Wednesday, 5 August 2009
It's been three weeks since I joined the CCHIT Advanced Security working group and so far it has been a very educational experience. I’ve been impressed by the amount of knowledge and drive my new colleagues bring to the process, as well as the sheer volume of government regulations, standards and guidelines that we have to contend with. As I spend more time thinking about this initiative, two new points have become apparent:
Certification is Expensive
Developing more secure software is expensive, but that expense actively improves the software. The certification process can also be expensive. Currently, CCHIT tests products by auditing a demonstration of the product following a set of test scripts and reviewing documentation provided by the vendor. When I first looked at this, it did not seem like much, at least in terms of security. However, I’m beginning to realize that the level of organization the process requires and the amount of time qualified professionals must invest to observe demonstrations and review paperwork is immense.
I still believe we need a more rigorous testing process, but I think we also need to consider how to do this in a way that is both economically feasible and actively improves the products. This is easier said than done, but it’s an important thought to keep in mind.
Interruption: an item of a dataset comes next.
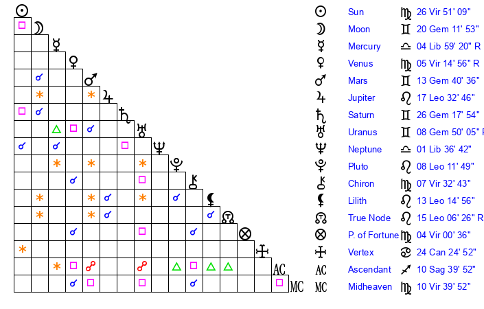 | Sun | 26 Virgo 51 | 27 Virgo 59 | 18 Sagittarius 47 |
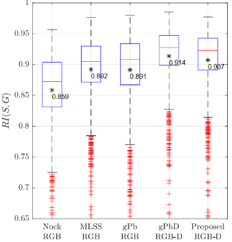 The best performance was also achieved with both depth-aware strategies, with even more compact results regarding quartile score distribution. The proposed segmentation results are competitive thanks to the coding of plane and 3D-edge features, but numerous mistakes are produced by the incorrect labeling of tiny scene objects that share the same plane or have negligible edge discontinuities. In turn, the color-based strategies exhibited a lower performance, except for the gPb approach (∼ 0.89), but with a larger variance in the results. The MLSS approach, in contrast, achieves a more compact RI variance with an average accuracy of 0.892, exceeding the gPb average but with the drawback of requiring the number of desired segmented regions.

Failure would be Really, Really Bad
This wasn’t an entirely new thought for me – health data has always seemed more valuable than financial data because of its permanence. If someone gets your credit card number, you can cancel your credit card and get a new one. Of course, it isn’t quite that simple, but knowing that your data has been compromised can allow you to prevent future misuse. With health data, the information is about you, not assigned to you.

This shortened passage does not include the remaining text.